One of the most important decisions that corporate counsel must make in any case is whether to file a motion to dismiss. While a motion can put an early end to the case, it can also prompt a judge to make damaging pronouncements about the law, without the benefit of a fully developed factual record.

Until now, a defendant who moved to dismiss faced an uphill battle. Federal courts routinely held that a complaint was sufficient, as long as it provided the defendant with fair notice of the plaintiff's claims.
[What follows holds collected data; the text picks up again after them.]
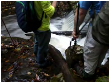
Options are considered for crossing a rain-swollen stream on the way to the falls

Two TEHCC hikers met up with 9 MAHC hikers for a bit more of a hiking adventure than anticipated. We left Kingsport in a light rain, but by the time we neared Dungannon the clouds parted and we were rewarded with a nice autumn day. However, due to the recent heavy rains, water levels were very high. If the person who named Little Stoney Creek had first seen it the day we were there, it would have been called Big Stoney River with Rapids! Rocks and fallen leaves on the trail were very slick from the rain and the trail was under standing water in some places. One stream crossing normally done via rock hopping required assistance from fellow hikers by grabbing onto a log and helping hands to make the leap over rapidly moving water. The upper and lower falls were quite impressive and much larger than anyone on the hike remembered from past years. We enjoyed the adventure, as well as the fall colors. We will perhaps try another joint hike in the spring and hope for more TEHCC participation in the future. J. Liu and hike leader R. Blankenbecler comprised the TEHCC contingent on this excellent adventure.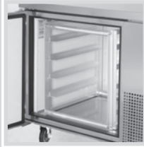
Half Bun Tray Rack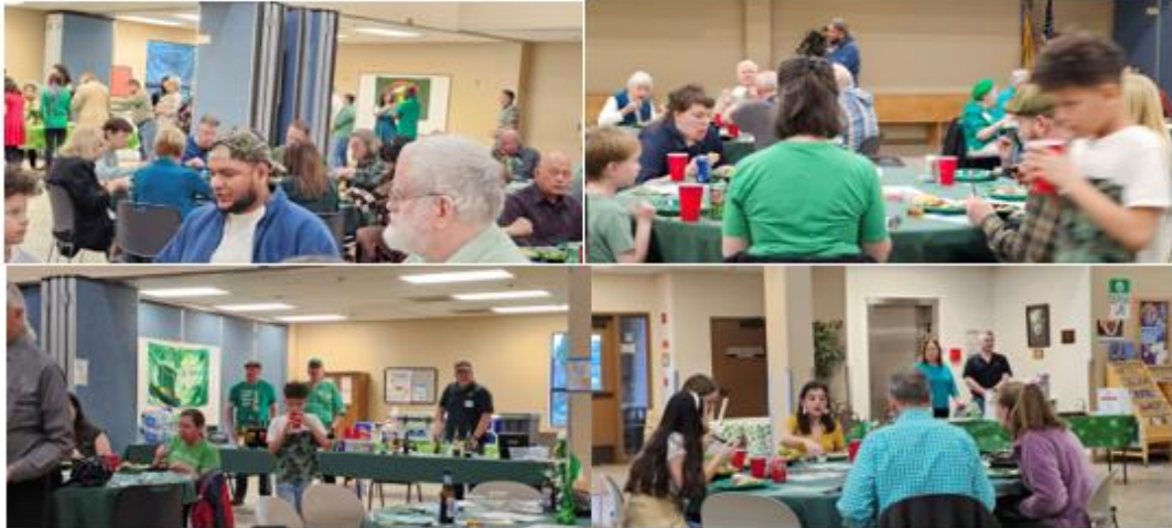
Serving area and singing of Irish Ballads

St. Pat's Dinner Was attended by 109 on Saturday, 16 March at Hallen Hall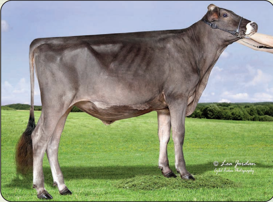
BLUE HEAVEN SEAMAN FANCY 1st Spring Yrlg NY State Fair 2022 Selling - Lot 23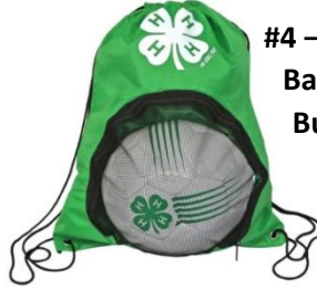
#4 – Soccer Ball/Bag Bundle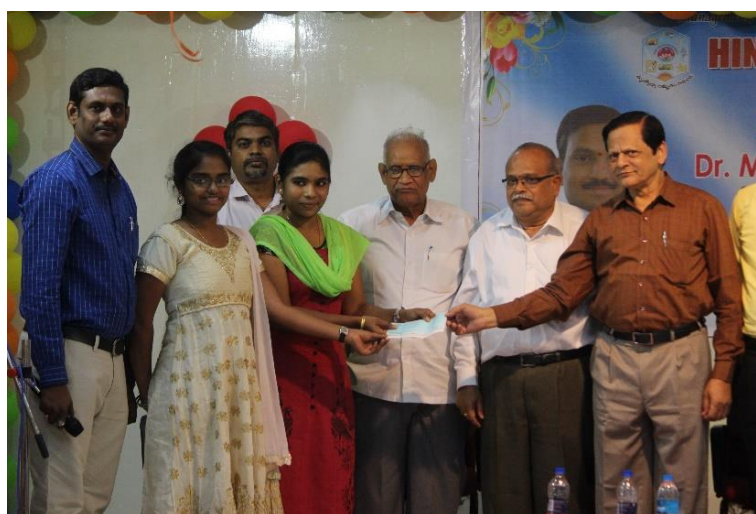
HCOP Alumni association (HAA) offered a scholarship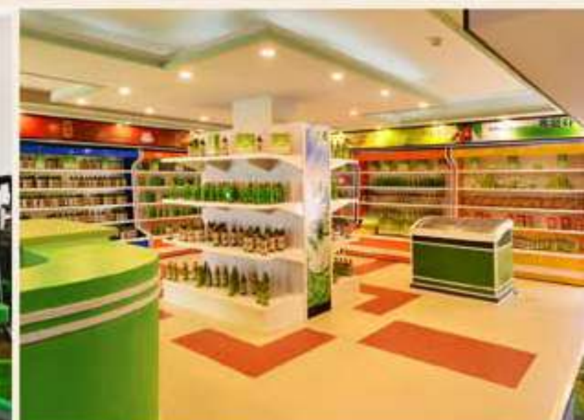
The Unjong Tea Factory inaugurated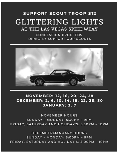
The scouts participated in a major way in the Glittering Lights by selling Hot Chocolate to help them earn for their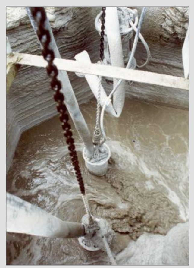
ET10 and DP10 Pumps Concrete factory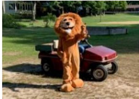
Leo the Lion Arrives!!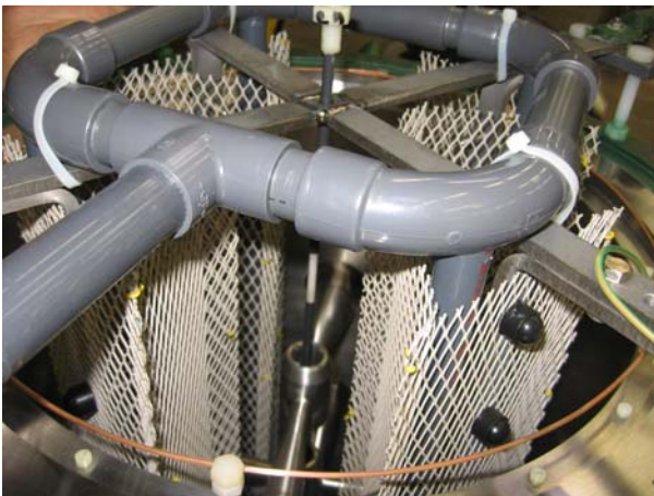
Figure 1: A CH-Cavity prepared for the Electroplating.

To comply with the requirements a couple of dummies were produced and copper plated before processing the prototype cavities.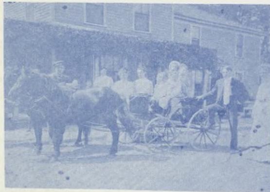
Picture taken in front of the "Boyden House", the present day site of the "Executive Motel".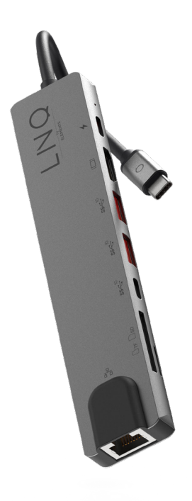
8 in 1 Pro Edition Model #: LQ48010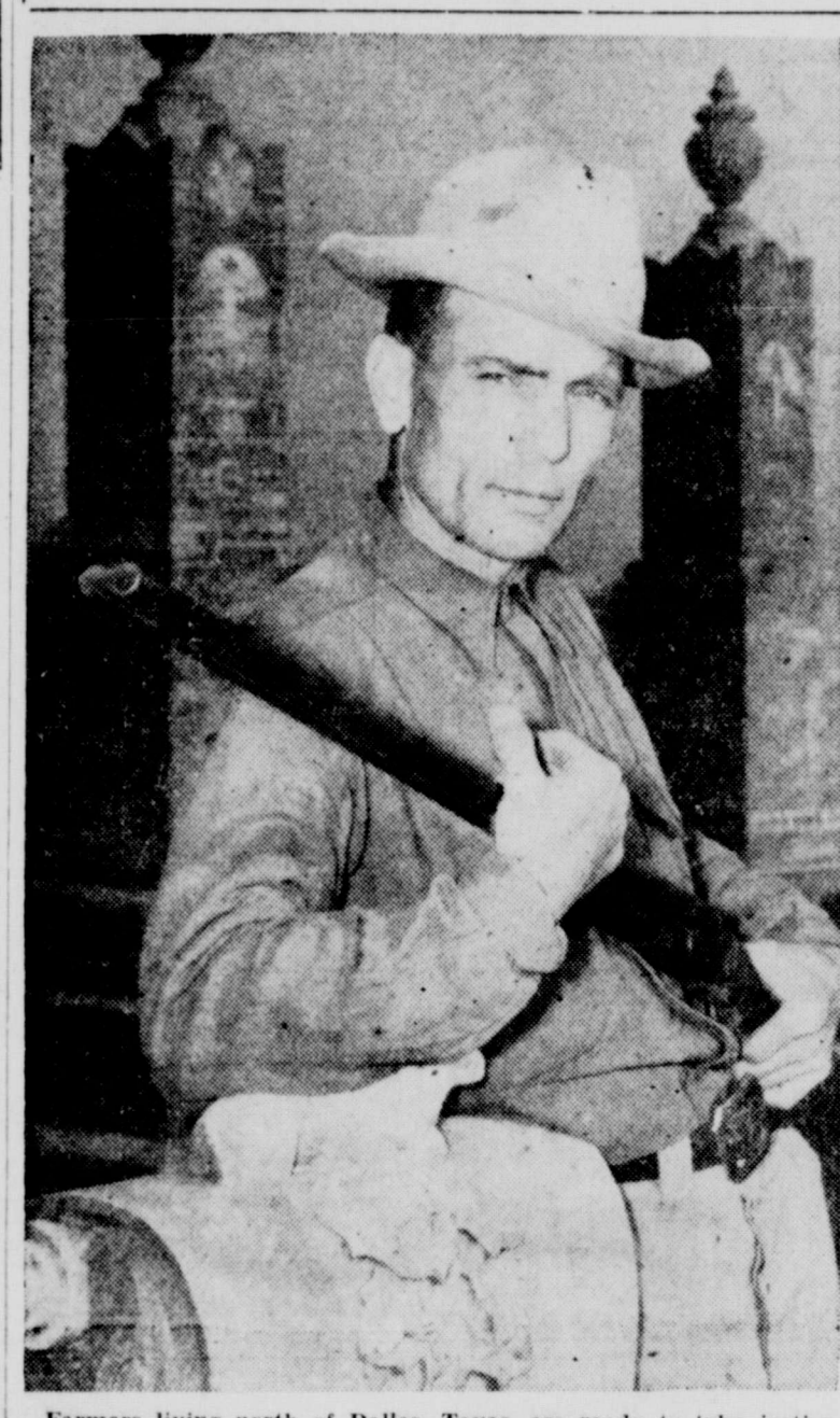
is not stopped. (NEA Telephoto).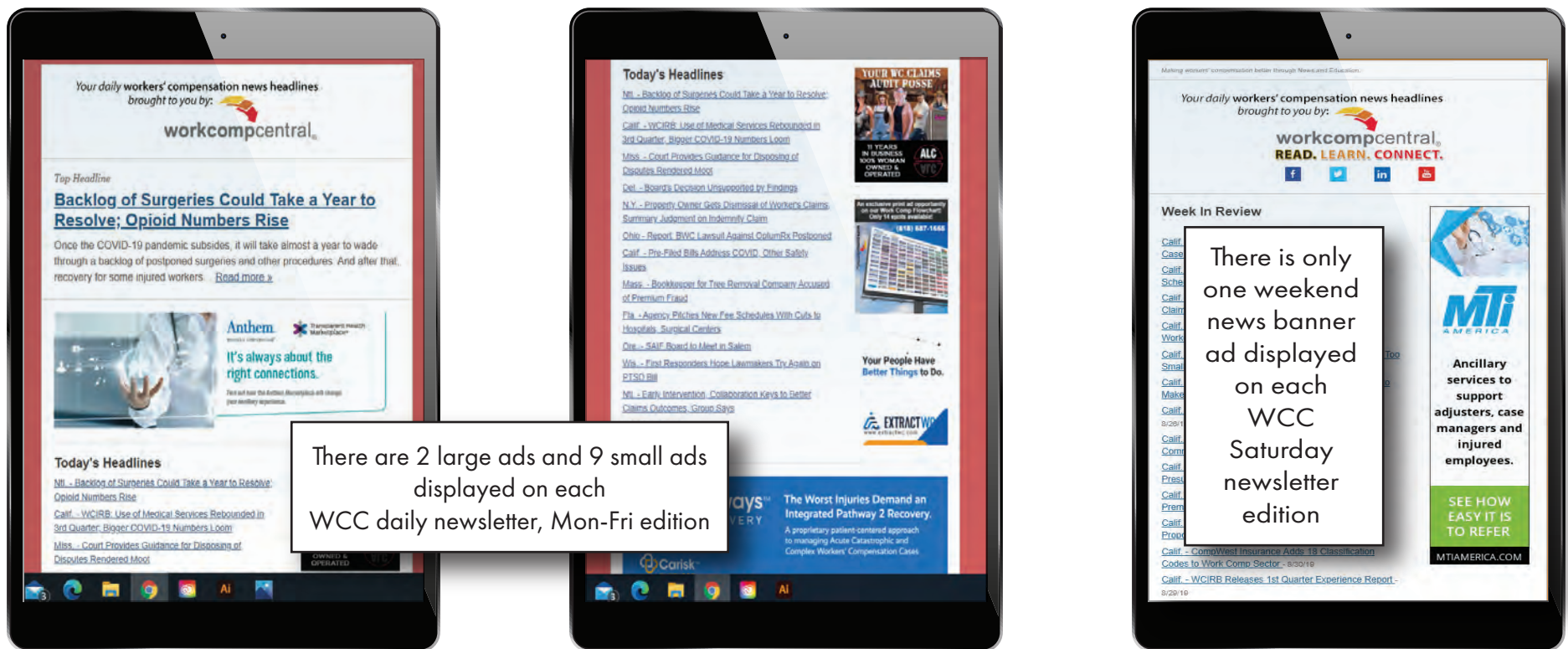
580x180 px Large & 185x200 px Small newsletter banner ads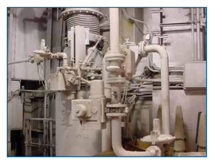
Melting Furnace Gas Valve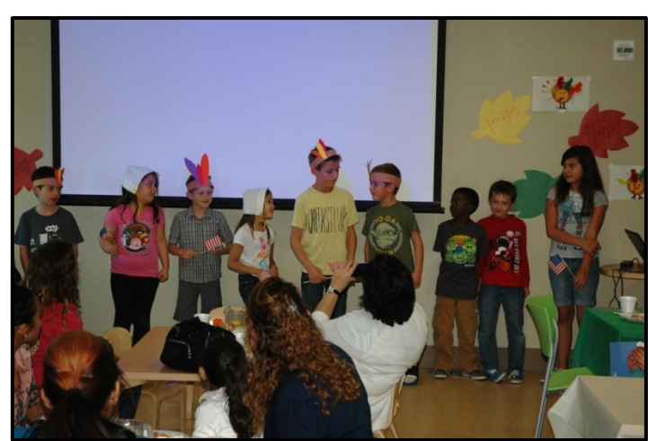
Some of the School Aged Children, dressed as Indians and Pilgrims, entertained guests with their rendition of Lee Greenwood's "God Bless the U.S.A."

Family members gather around a fabulous Turkey dinner provided by the CYP Staff. Moms and Dads ate lunch with their kids as everyone prepared for the holidays.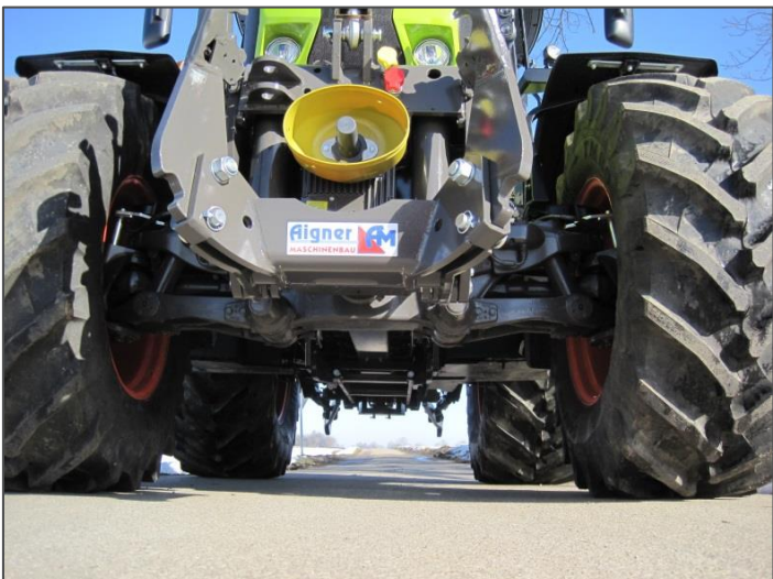
Absolute ground clearance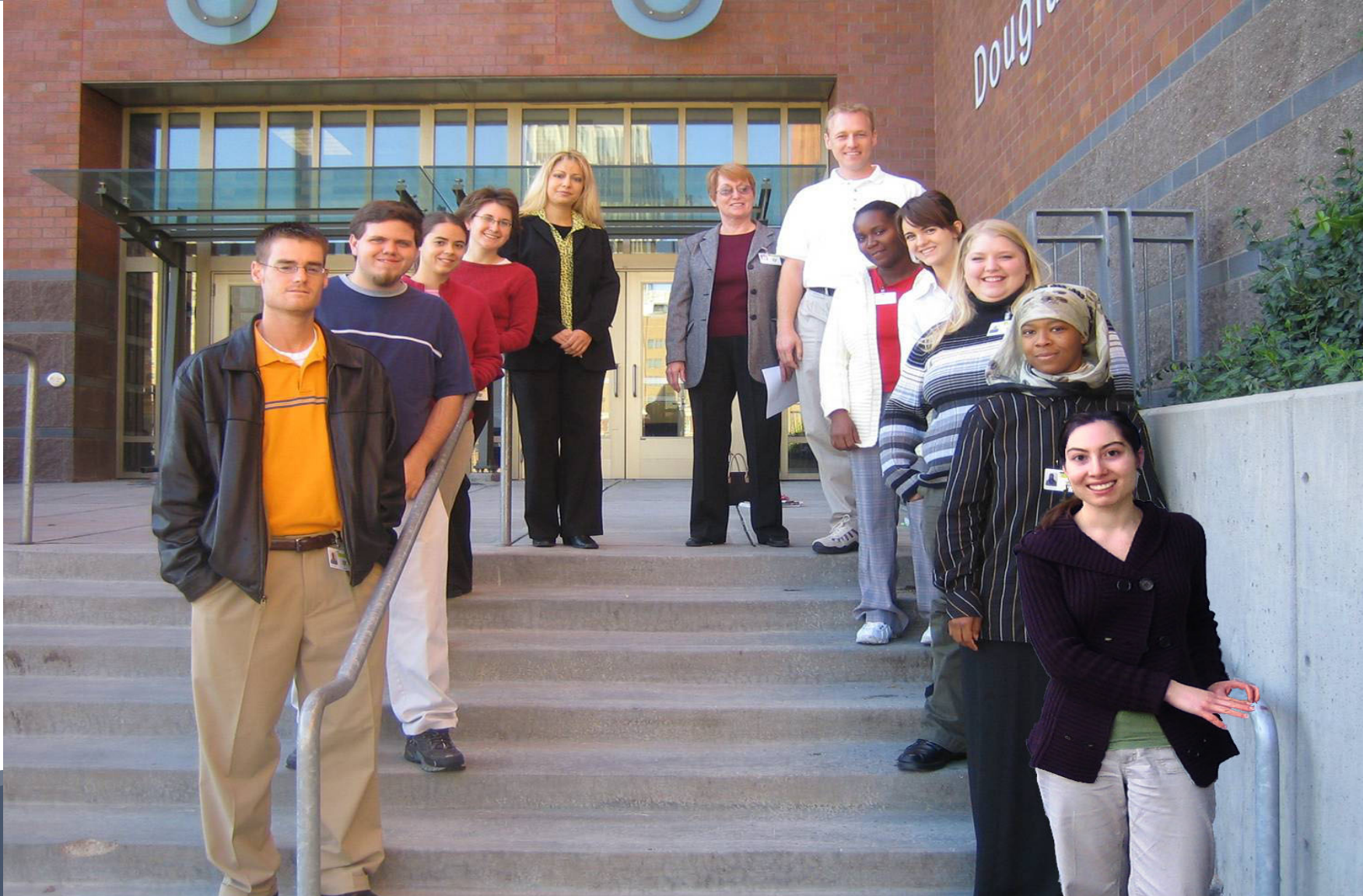
Diversity Among Student Tutors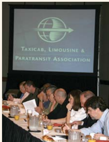
The Board of Directors met at the Spring Conference in Kansas City.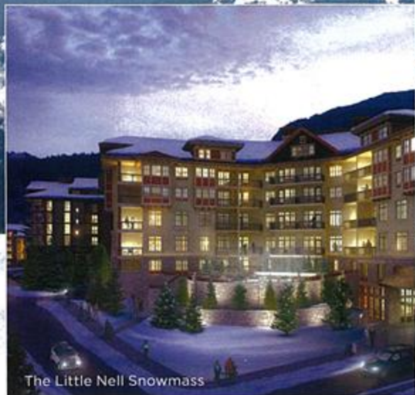
The Little Nell Snowmass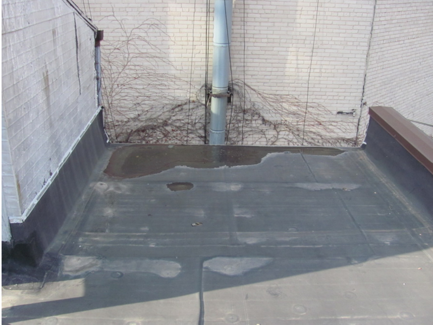
Figure 11. Ponding on the roof near the gutter.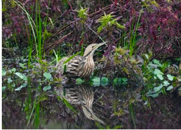
American Bittern

Most courts followed the 'accepted rule' that a complaint should not be dismissed 'unless it appears beyond doubt that the plaintiff can prove no set of facts in support of his claim which would entitle him to relief.' Conley v. Gibson, 355 U.S. 41, 45-6 (1957). The courts preferred to use discovery, not the pleadings, to weed out frivolous claims. The results were often frustrating for defendants. Armed with almost no facts, a plaintiff could file a complaint, defeat a motion to dismiss, and then go on a protracted and expensive fishing expedition.

All of this began to change last year, when the United States Supreme Court decided Bell Atlantic v. Twombly, 127 S. Ct. 1955 (2007). Bell Atlantic was a class action alleging an unlawful conspiracy under the antitrust laws. The plaintiffs, subscribers of local telephone and high speed internet services, alleged that the Regional Bell Operating Companies or 'Baby Bells' conspired to restrain trade in two ways: 1) they engaged in parallel conduct intended to prevent independent carriers from competing effectively; and 2) they agreed not to compete with one another. The United States District Court for the Southern District of New York dismissed the complaint, holding that the plaintiffs had failed to plead facts suggesting a conspiracy, but the Second Circuit reversed.